→ **Work instructions**: Could you give back every record below exactly, leaving out the pictures?
START Data to examine
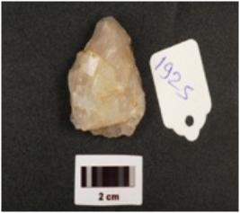 | Description / विवरण | Quartz core with prepared platform, four flake scarcs , use wear mark along cutting edges, |
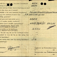 Bijzondere opmerkingen: Toekomstig adres: Drachten - - P.B.: Dit is mij in Smilde afgenomen. A.I. Smilde. In bezit van een oude en nieuwe stamkaart. - Kostwinner. Geen salaris of steun ontvangen gedurende het onderduiken. In oude betrekking terugkeren: Zoo dra er weer gebakt wordt. Ik doe van alles. - Geen beslag gelegd op bezittingen door de vijand.
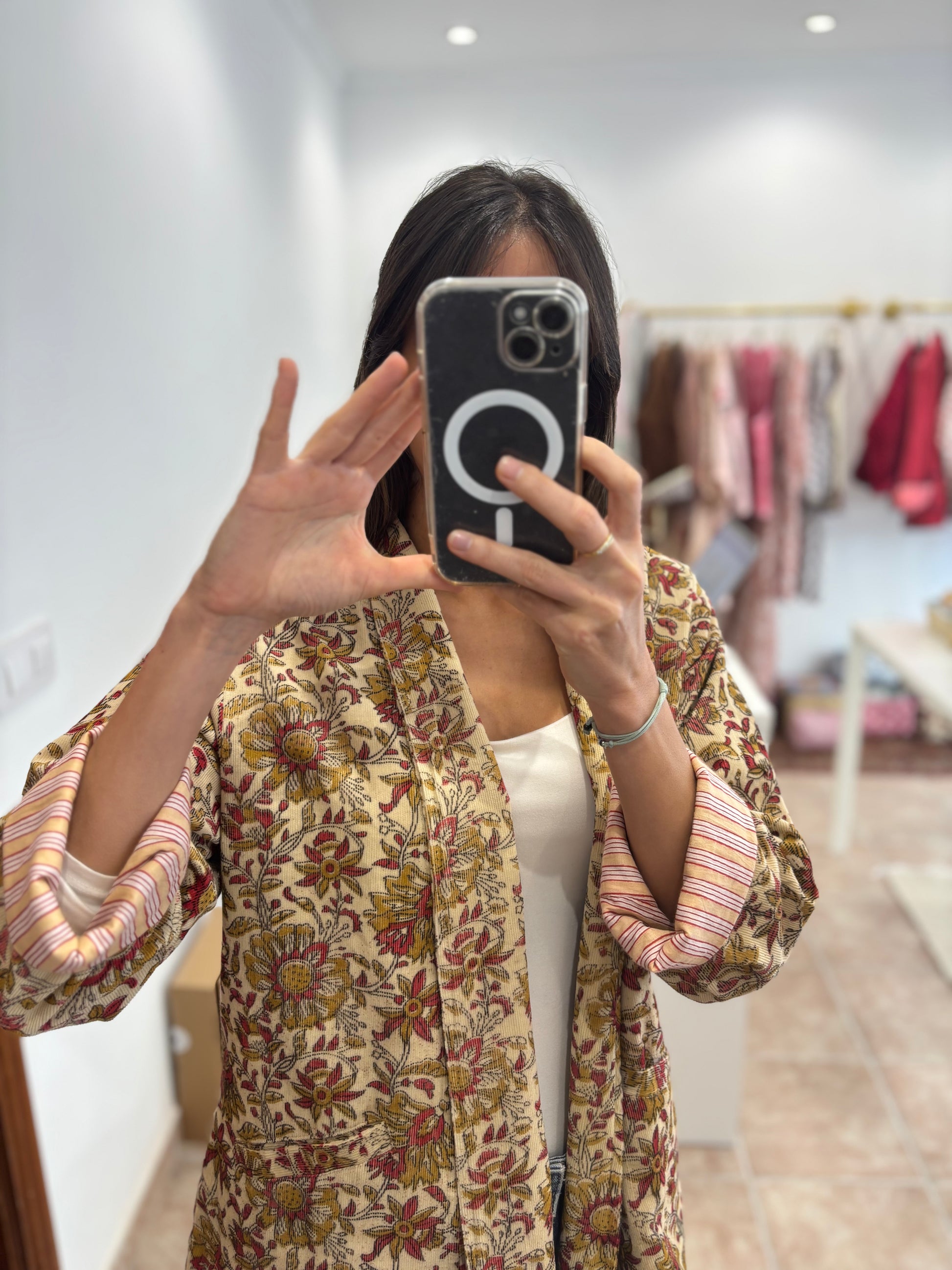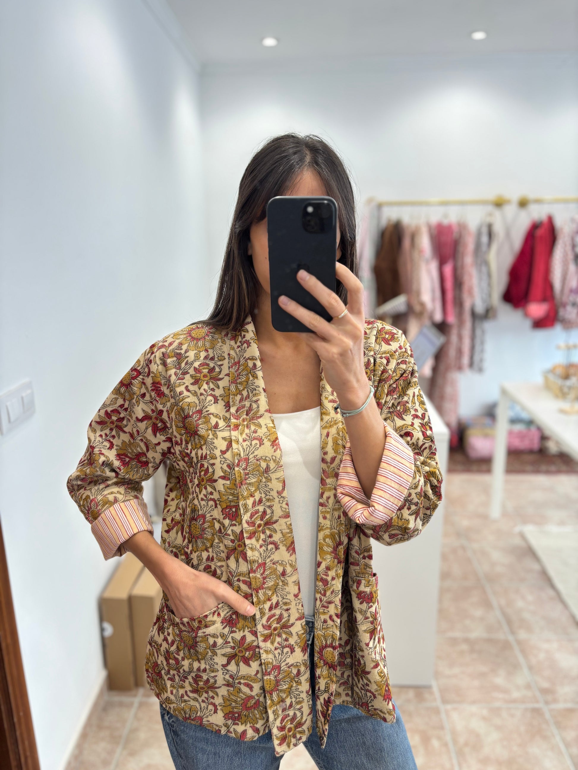 Chaqueta pintada a mano, hecha 100% de algodón, estilo kimono. Talle único. Hermosa en colores, ideal para darle un toque artístico y original a tu look.
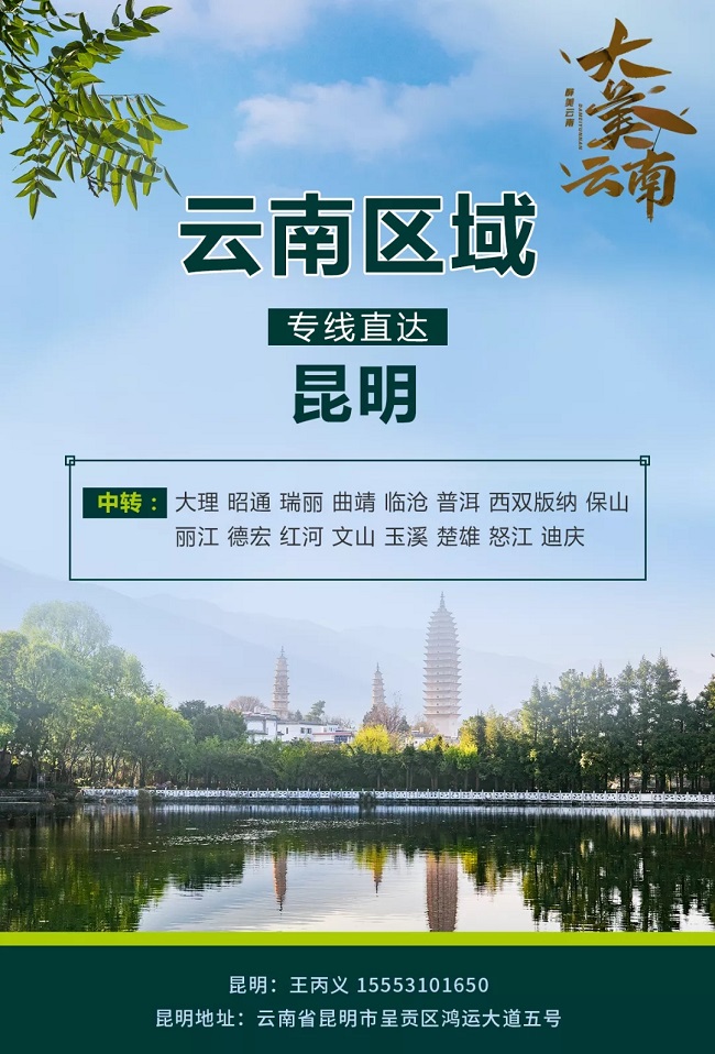 中轉(zhuǎn):大理、昭通、瑞麗、曲靖、臨滄、普洱、西雙版納、保山、麗江、德宏、紅河、文山、玉溪、楚雄、怒江、迪慶
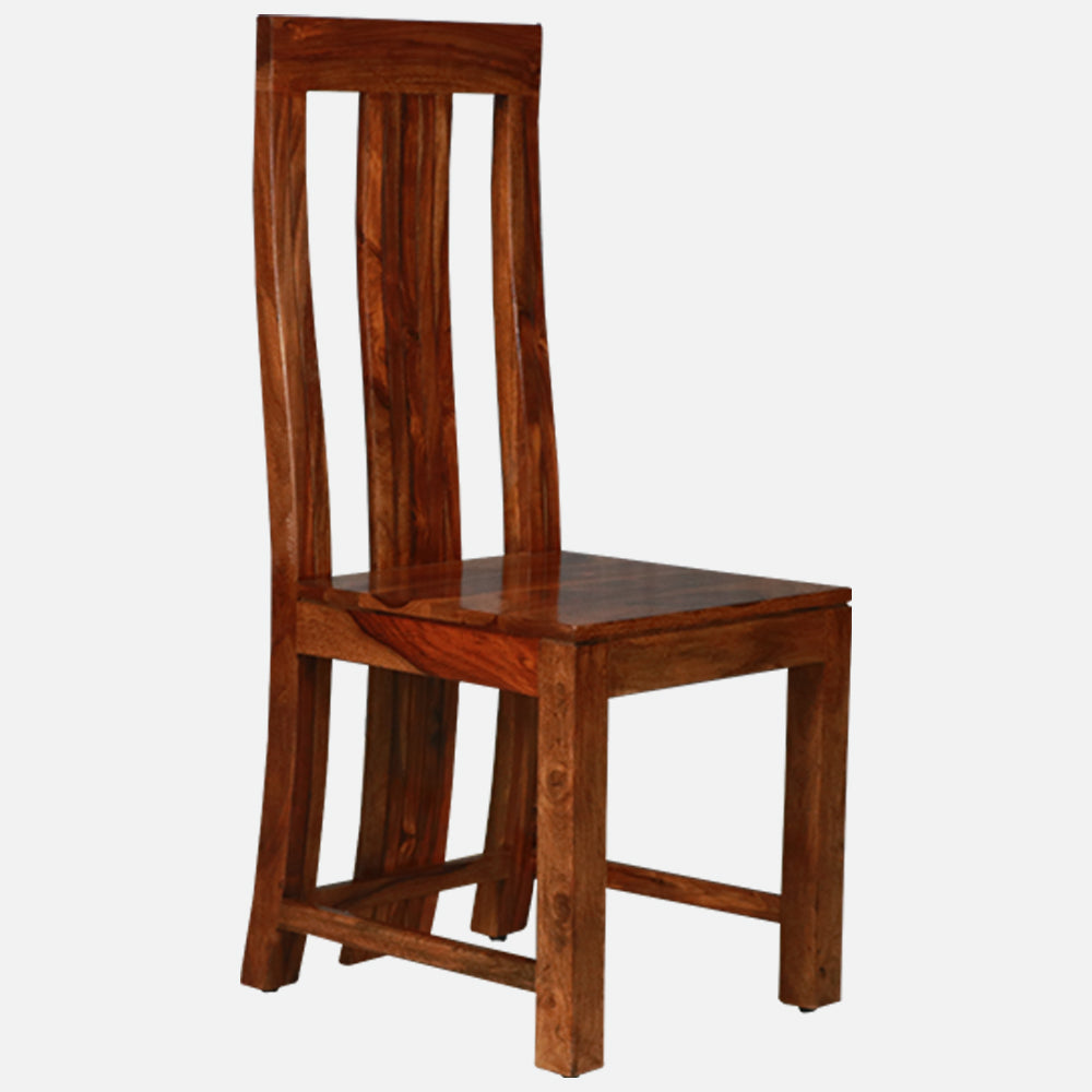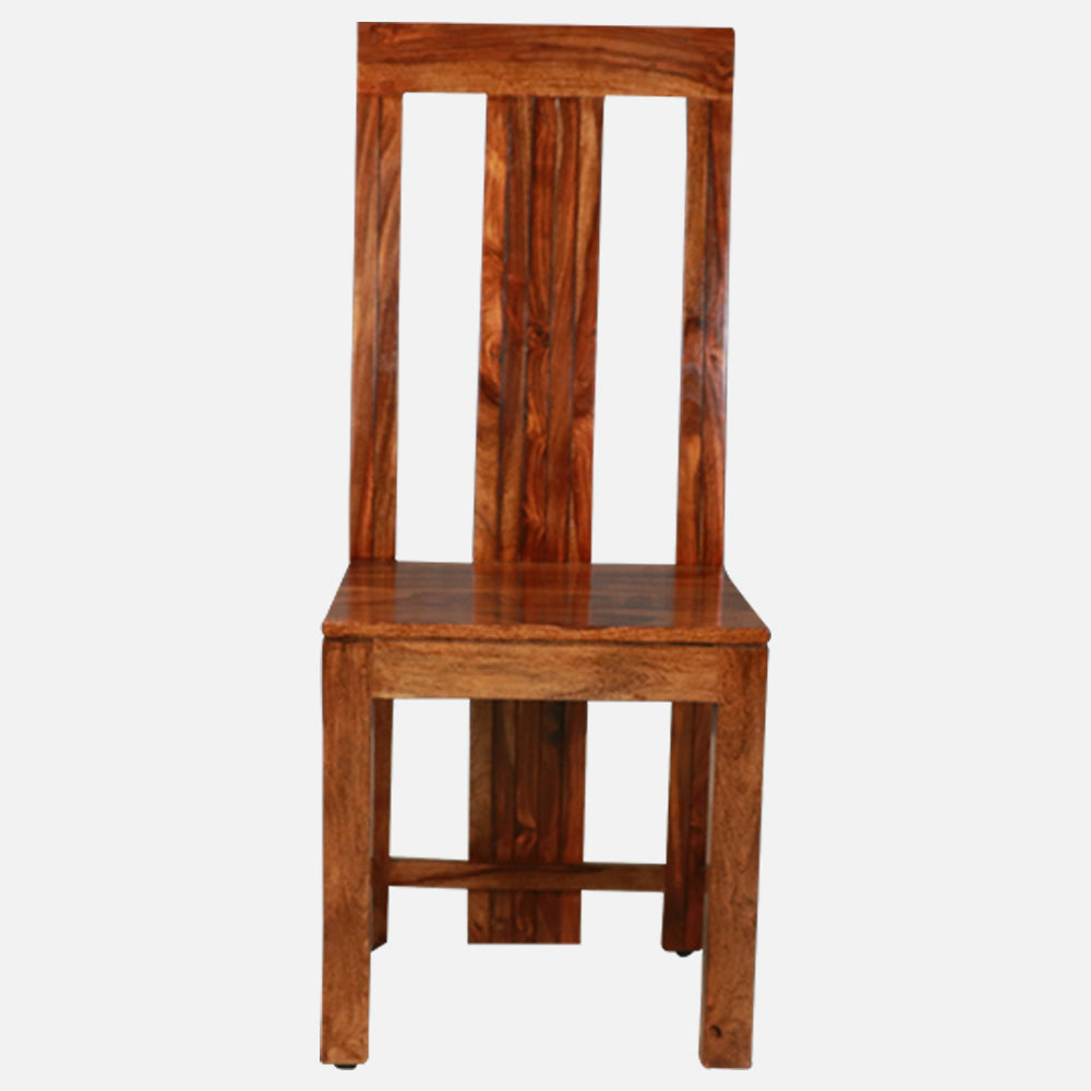 - The simplistic and elegant design, accentuated by a teak finish, is supported by solid sheesham wood construction.
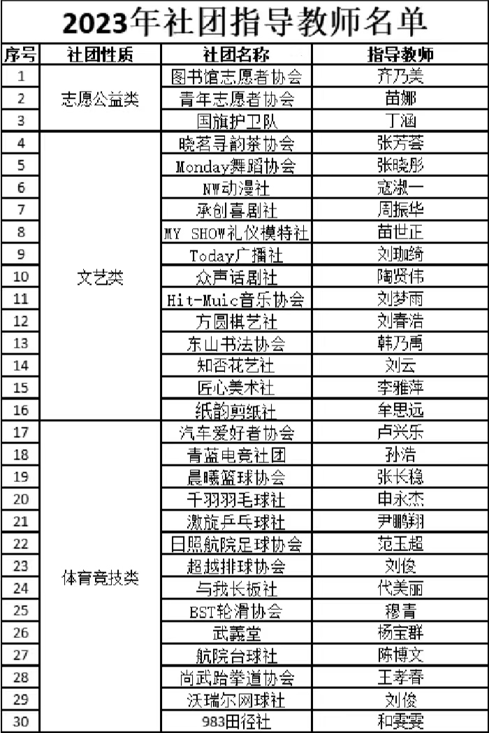 根据《日照航海工程职业学院学生社团指导教师管理办法》和《关于选聘2023年学生社团指导教师的通知》,经校团委审核,现拟聘以下30位老师担任2023年学生社团指导教师,现将结果公示如下,如有异议联系校团委。
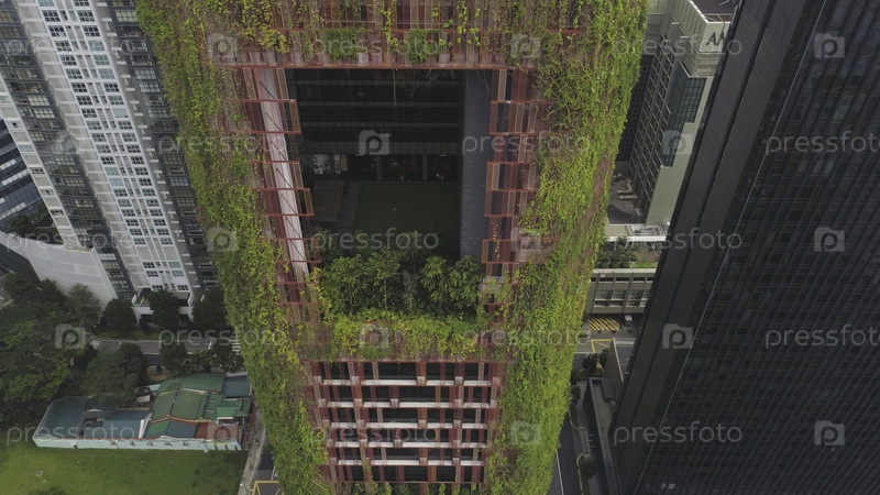 Традиционные китайские магазины Peranakan и современная архитектура отеля Oasia. Съемка. Вид на многоэтажные офисные небоскребы и частные жилые районы в Tanjong Pagar
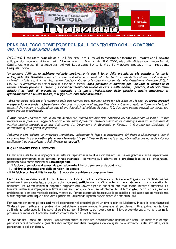 Notiziario SPI CGIL Pistoia anno XVII nr 2 del gennaio 2020
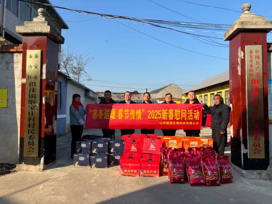 發(fā)布時間:[2025-1-20 17:16:13] 瀏覽量:2361次1月20日,山東健源生物科技有限公司前往泰山區(qū)徂徠鎮(zhèn)姬家莊村,組織開展“寒冬送暖 春節(jié)傳情”2025新春慰問活動。董事長王誠與慰問隊伍一起,看望了當(dāng)?shù)氐睦щy家庭,并為他們帶去了暖心的節(jié)日慰問品。
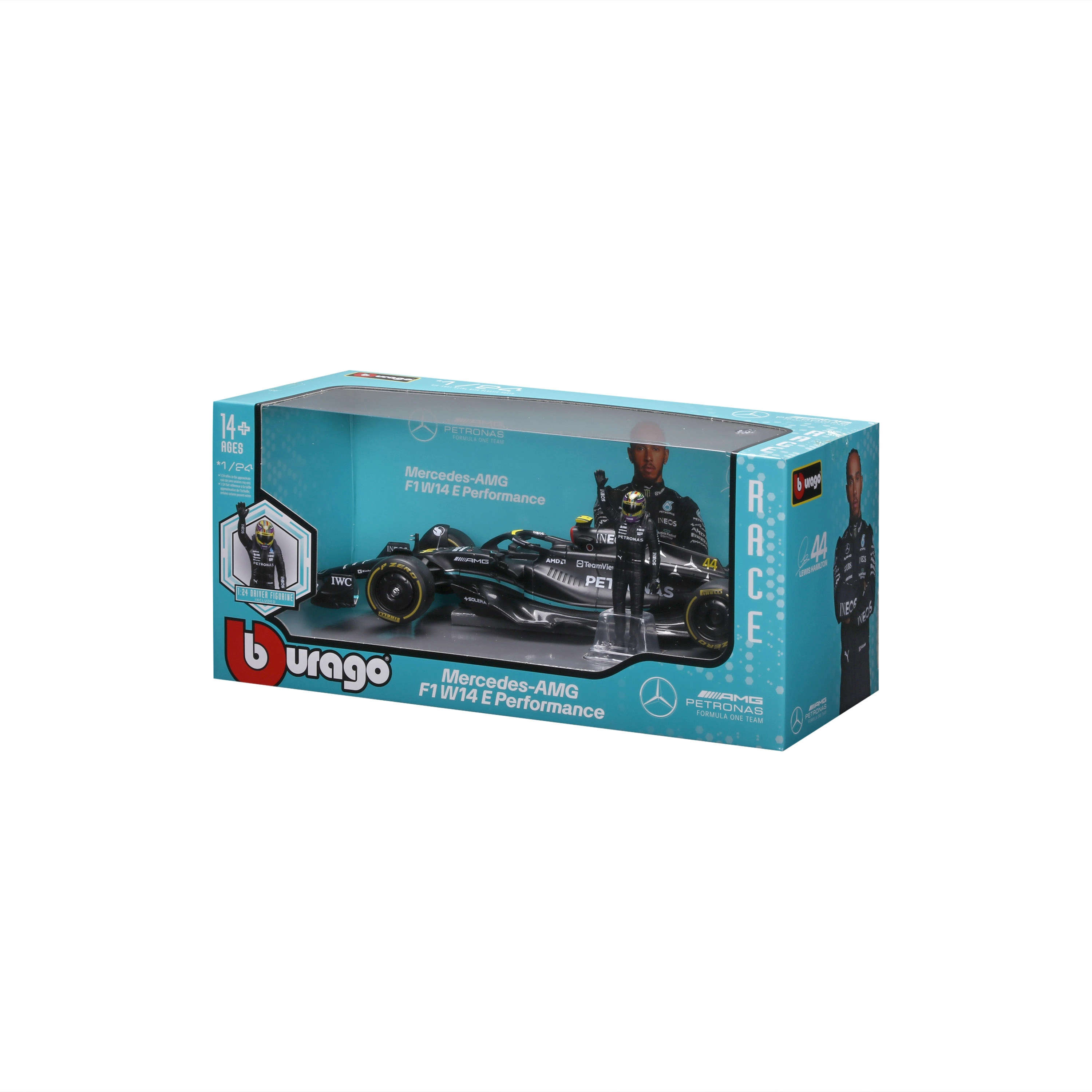 Beleef de sfeer van de Formule 1 met het nauwkeurig uitgewerkte model MERCEDES-AMG PETRONAS F1 W14 E in de kleuren van het seizoen 2023. De getrouwe carrosserie met nummer 44, complexe aero-elementen, realistische banden en authentieke belettering maken het tot een indrukwekkend stuk voor elke collectie. Inclusief coureursfiguur voor een effectvolle presentatie.
END Data to examine
→ **Result**:
 | Description / विवरण | Quartz core with prepared platform, four flake scarcs , use wear mark along cutting edges, |
 Bijzondere opmerkingen: Toekomstig adres: Drachten - - P.B.: Dit is mij in Smilde afgenomen. A.I. Smilde. In bezit van een oude en nieuwe stamkaart. - Kostwinner. Geen salaris of steun ontvangen gedurende het onderduiken. In oude betrekking terugkeren: Zoo dra er weer gebakt wordt. Ik doe van alles. - Geen beslag gelegd op bezittingen door de vijand.
 Chaqueta pintada a mano, hecha 100% de algodón, estilo kimono. Talle único. Hermosa en colores, ideal para darle un toque artístico y original a tu look.
 中轉(zhuǎn):大理、昭通、瑞麗、曲靖、臨滄、普洱、西雙版納、保山、麗江、德宏、紅河、文山、玉溪、楚雄、怒江、迪慶
 - The simplistic and elegant design, accentuated by a teak finish, is supported by solid sheesham wood construction.
 根据《日照航海工程职业学院学生社团指导教师管理办法》和《关于选聘2023年学生社团指导教师的通知》,经校团委审核,现拟聘以下30位老师担任2023年学生社团指导教师,现将结果公示如下,如有异议联系校团委。
 Традиционные китайские магазины Peranakan и современная архитектура отеля Oasia. Съемка. Вид на многоэтажные офисные небоскребы и частные жилые районы в Tanjong Pagar
 Notiziario SPI CGIL Pistoia anno XVII nr 2 del gennaio 2020
 發(fā)布時間:[2025-1-20 17:16:13] 瀏覽量:2361次1月20日,山東健源生物科技有限公司前往泰山區(qū)徂徠鎮(zhèn)姬家莊村,組織開展“寒冬送暖 春節(jié)傳情”2025新春慰問活動。董事長王誠與慰問隊伍一起,看望了當(dāng)?shù)氐睦щy家庭,并為他們帶去了暖心的節(jié)日慰問品。
 Beleef de sfeer van de Formule 1 met het nauwkeurig uitgewerkte model MERCEDES-AMG PETRONAS F1 W14 E in de kleuren van het seizoen 2023. De getrouwe carrosserie met nummer 44, complexe aero-elementen, realistische banden en authentieke belettering maken het tot een indrukwekkend stuk voor elke collectie. Inclusief coureursfiguur voor een effectvolle presentatie.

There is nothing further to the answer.